MongoDB is a NoSQL database, so unlike SQL it isn't intended to handle relations between databases and join data fields together. However, there is a function which can approximate a database join - lookup()
.
The lookup()
function mimics a database join and it can be done by specifying a pipeline, which contains the database you want to join elements from, as well as the fields you want from both the input documents (localField
) and the "from" documents (foreignField
).
Finally, you choose a moniker to convert the foreign documents to and they will be displayed under this new name in our query response table. If you had a second database called games
and wanted to join them together in a query, it could be done like this:
pipeline = [{
'$lookup': {
'from': 'reviews',
'localField': 'id',
'foreignField': 'score',
'as': 'score'
}
},]
for doc in (games.aggregate(pipeline)):
print(doc)
Analyzing the Data
Now we can get around to analyzing and visualizing some of the data found within our newly created database. Let's make sure we have all the functions we'll need for analysis.
from pymongo import MongoClient
import pymongo
import pandas as pd
from bs4 import BeautifulSoup
import re
from nltk.corpus import stopwords
from wordcloud import WordCloud
import matplotlib.pyplot as plt
from collections import Counter
import string
import en_core_web_sm
import seaborn as sns
Let's say we want to do some analysis of the words found in GameSpot's game reviews. We have that information in our database, we just have to get it.
We can start by collecting the top 40 (or whatever number you want) reviews from our database using the find()
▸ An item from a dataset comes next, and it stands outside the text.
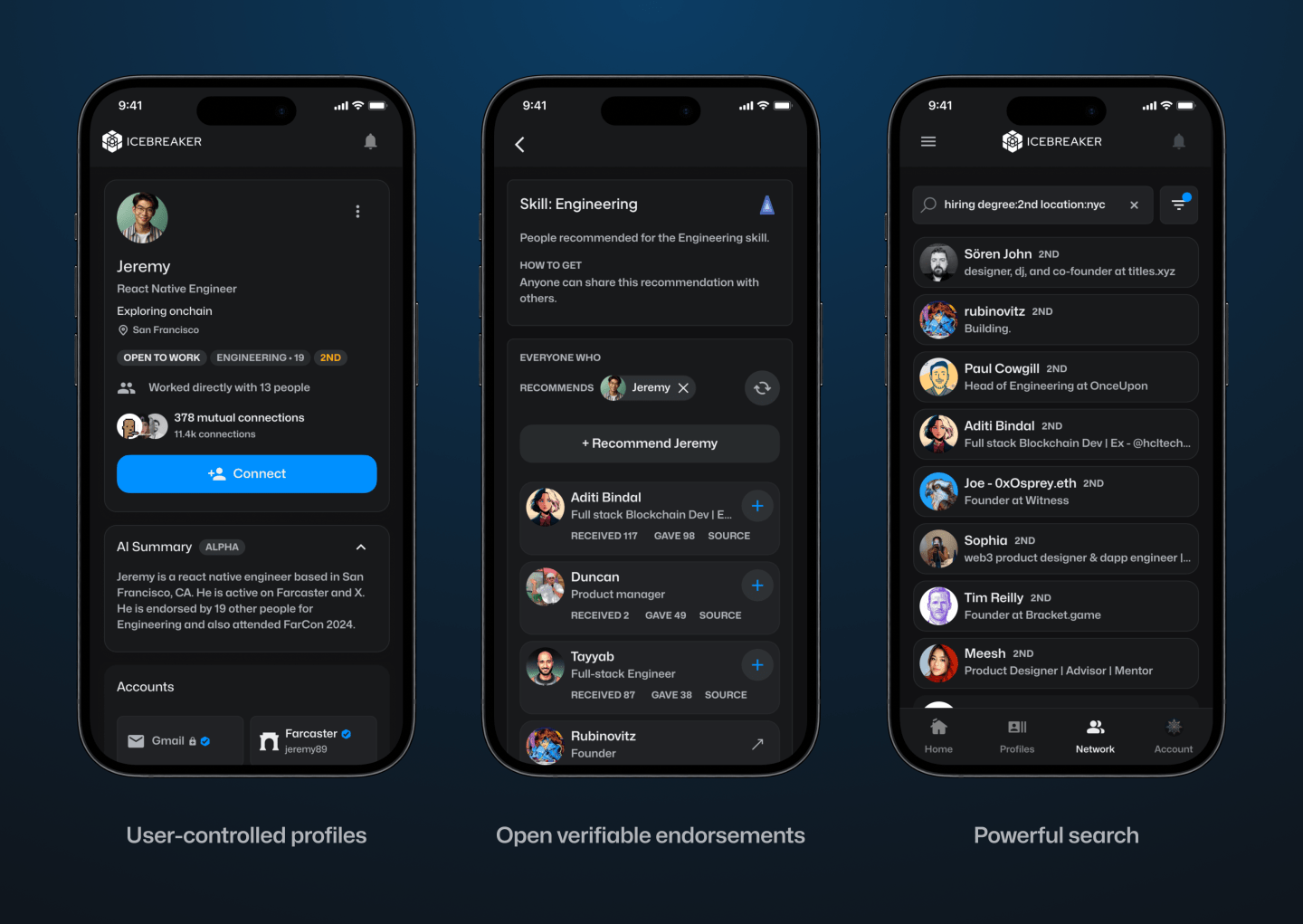 “Icebreaker was created to empower professionals to seamlessly tap their existing profiles and networks to surface exceptional people and opportunities, using recent advancements in cryptographically verifiable identity,” the company said, adding that the new funding will go to scaling its team and product building.

function like before, but this time we'll specify that we want to sort by the score
variable and that we to sort in descending order:
d_name = 'gamespot_reviews'
collection_name = 'gamespot'
client = MongoClient('127.0.0.1', 27017)
db = client[d_name]
reviews = db.reviews
review_bodies = []
for body in list(reviews.find({}, {"_id":0, "body": 1}).sort("score", pymongo.DESCENDING).limit(40)):
review_bodies.append(body)
We'll turn that response into a Pandas data-frame and convert it into a string. Then we'll extract all the values within the <p>
HTML tag containing the review text, which we'll do with BeautifulSoup:
reviews_data = pd.DataFrame(review_bodies, index=None)
def extract_comments(input):
soup = BeautifulSoup(str(input), "html.parser")
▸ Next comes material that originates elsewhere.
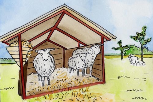 Ook is het in verband met de wisselende windrichting handig om een mobiele schuilgelegenheid te maken. De sleepstal is met een afmeting van 2.50 x 4.50m geschikt voor kleinvee. De hoogte aan de voorzijde is 2.00 m en achter 1.20 m. Groter of kleiner kan natuurlijk ook.

comments = soup.find_all('p')
return comments
review_entries = extract_comments(str(review_bodies))
print(review_entries[:500])
See the print
statement to see the review text has been collected:
[<p>For anyone who hasn't actually seen the game on a TV right in front of them, the screenshots look too good to be true. In fact, when you see NFL 2K for the first time right in front of you...]
Now that we have the review text data, we want to analyze it in several different ways. Let's try getting some intuition for what kinds of words are commonly used in the top 40 reviews. We can do this several different ways:
- We can create a word cloud
- We can count all of the words and sort by their number of occurrences
- We can do named entity recognition
Before we can do any analysis of the data though, we have to preprocess it.
To preprocess the data, we want to create a function to filter the entries. The text data is still full of all kinds of tags and non-standard characters, and we want to remove those by getting the raw text of the review comments. We'll be using regular expressions to substitute the non-standard characters with blank spaces.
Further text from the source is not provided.